According to the overall passenger car registration status as of May 2020, submitted by the Ministry of Land, Infrastructure and Transport to National Assembly member Lee Hyung-seok, the proportion of corporate vehicles among cars priced under 100 million KRW was only 6.1%.


On the other hand, the proportion of corporate vehicles was 51% for cars priced between 100 million KRW and under 400 million KRW, and 62% for top-tier cars priced over 400 million KRW. This indicates a reversal phenomenon in the proportion of corporate vehicles among high-priced cars.


The problem is that the proportion of corporate vehicles among luxury cars priced over 100 million KRW, as well as supercars priced over 400 million KRW, has been increasing recently.


Looking at the new passenger car registration status from 2016 to 2019, the proportion of corporate vehicles among luxury passenger cars priced between 100 million KRW and under 400 million KRW was in the 70% range.


This is about 20 percentage points higher than the 51% corporate vehicle proportion for the same price range in the overall passenger car registration status as of May this year. For supercars priced over 400 million KRW, the new registration rate of corporate vehicles in 2019 was 87.2%, which is 24.8 percentage points higher than the overall corporate vehicle proportion of 62% in the same price range.


In particular, this pattern is more clearly seen in imported cars than in domestic cars. According to the overall passenger car registration status as of May 2020, the proportions of domestic corporate cars in the price ranges under 100 million KRW, between 100 million KRW and under 400 million KRW, and over 400 million KRW were 4.7%, 48.7%, and 6.9%, respectively.


In contrast, the proportions of imported corporate cars in the same price ranges were 17%, 50.9%, and 66.3%, showing a higher proportion as the price increases.


Moreover, registrations of imported luxury cars priced over 100 million KRW by corporations have been increasing every year. The number of newly registered imported passenger cars by corporations steadily rose from 12,893 units in 2016 to 15,797 units in 2019. Unlike domestic vehicles, this trend was unaffected by economic fluctuations.


The high proportion of corporate vehicles among luxury cars is analyzed to be because corporations can enjoy tax-saving effects by processing the purchase and maintenance costs of work vehicles as company expenses.


They save on corporate taxes while driving expensive cars with company money.

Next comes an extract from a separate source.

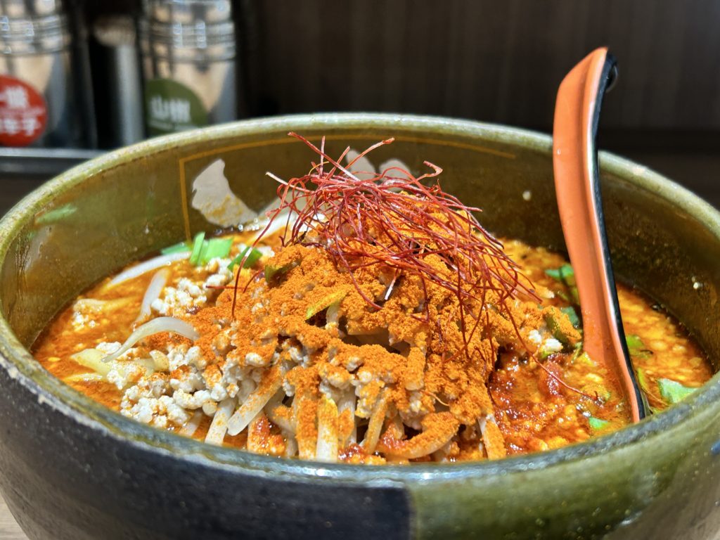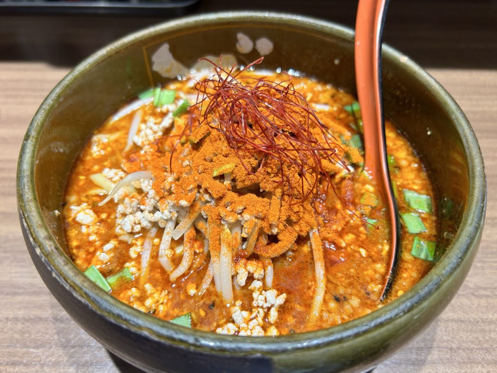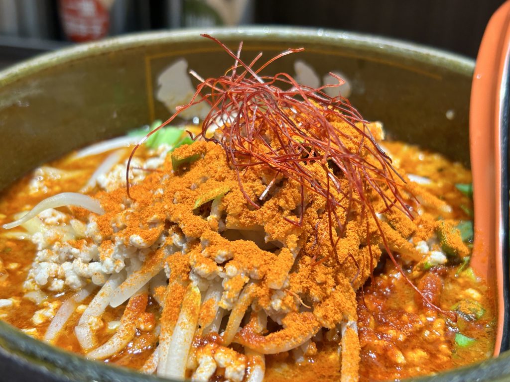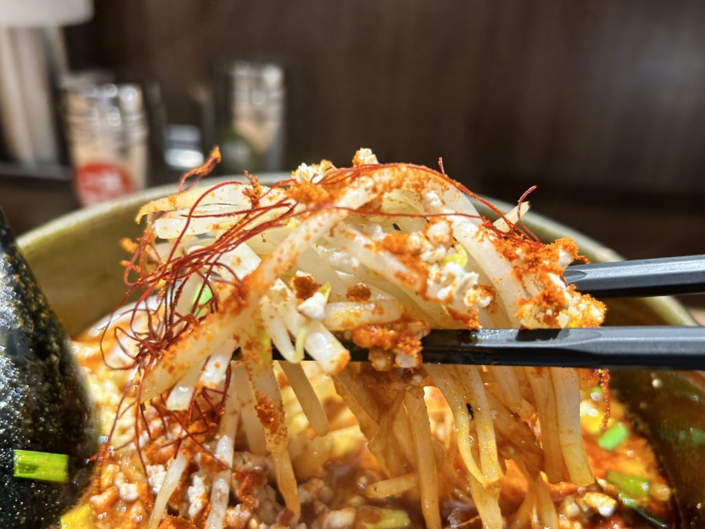 頂上には真っ赤な辛味がたっぷり乗っています、おそらくカイエンペッパー?具材は糸唐辛子、もやし、ねぎ、そして鶏ひき肉。

In particular, some family owners have abused this by purchasing supercars with company funds for private use and have been caught by the National Tax Service.


In June, a family owner was caught for purchasing six supercars worth approximately 1.6 billion KRW under the company name and using them for private purposes.


Therefore, there have been continuous calls to establish effective management and supervision measures for corporate vehicles, but without any concrete institutional alternatives, the National Tax Service intermittently detects illegal cases through its own investigation methods.


In July, National Assembly member Lee Hyung-seok proposed an amendment to the ‘Corporate Tax Act’ that mandates the submission of related documents such as insurance papers and driving records for corporate work vehicles and allows the National Tax Service to inspect driving conditions if necessary.


Member Lee said, “The illegal luxury behavior of a very small number of wealthy people using supercars is against tax justice and provokes public outrage. The state must not just stand by and watch. We must take this opportunity to resolve the long-criticized issue of ‘nominal company cars’ and realize tax justice.”